Zero-Knowledge Federated Learning: A New Trustworthy and Privacy-Preserving Distributed Learning Paradigm
Taotao Wang, Yuxin Jin, Qing Yang, Yihan Xia, Long Shi, Shengli Zhang
TL;DR
The paper addresses security and trust gaps in Federated Learning by introducing a structured ZK-FL framework and a Veri-CS-FL algorithm that leverages Zero-Knowledge Proofs to verify client-side metrics. It proposes a cosine-similarity-based evaluation against a server-trained benchmark and uses zk-SNARK proofs to ensure metric correctness without exposing local data, enabling verifiable client selection and secure aggregation.

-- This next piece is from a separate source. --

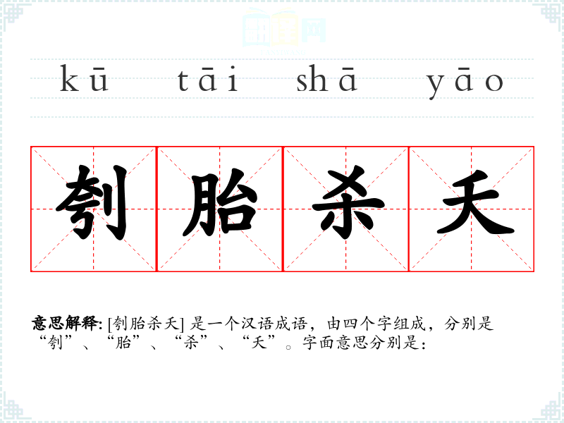 [刳胎杀夭] 是一个汉语成语,由四个字组成,分别是“刳”、“胎”、“杀”、“夭”。字面意思分别是:

The approach demonstrates completeness, soundness, and zero-knowledge properties, while showing resistance to poisoning and robustness to data heterogeneity. Empirically, Veri-CS-FL achieves bandwidth savings and scalable verification on IID and non-IID data, suggesting practical viability for privacy-preserving, trustworthy distributed learning at scale.
Abstract
Federated Learning (FL) has emerged as a promising paradigm in distributed machine learning, enabling collaborative model training while preserving data privacy. However, despite its many advantages, FL still contends with significant challenges -- most notably regarding security and trust. Zero-Knowledge Proofs (ZKPs) offer a potential solution by establishing trust and enhancing system integrity throughout the FL process. Although several studies have explored ZKP-based FL (ZK-FL), a systematic framework and comprehensive analysis are still lacking. This article makes two key contributions. First, we propose a structured ZK-FL framework that categorizes and analyzes the technical roles of ZKPs across various FL stages and tasks. Second, we introduce a novel algorithm, Verifiable Client Selection FL (Veri-CS-FL), which employs ZKPs to refine the client selection process. In Veri-CS-FL, participating clients generate verifiable proofs for the performance metrics of their local models and submit these concise proofs to the server for efficient verification. The server then selects clients with high-quality local models for uploading, subsequently aggregating the contributions from these selected clients. By integrating ZKPs, Veri-CS-FL not only ensures the accuracy of performance metrics but also fortifies trust among participants while enhancing the overall efficiency and security of FL systems.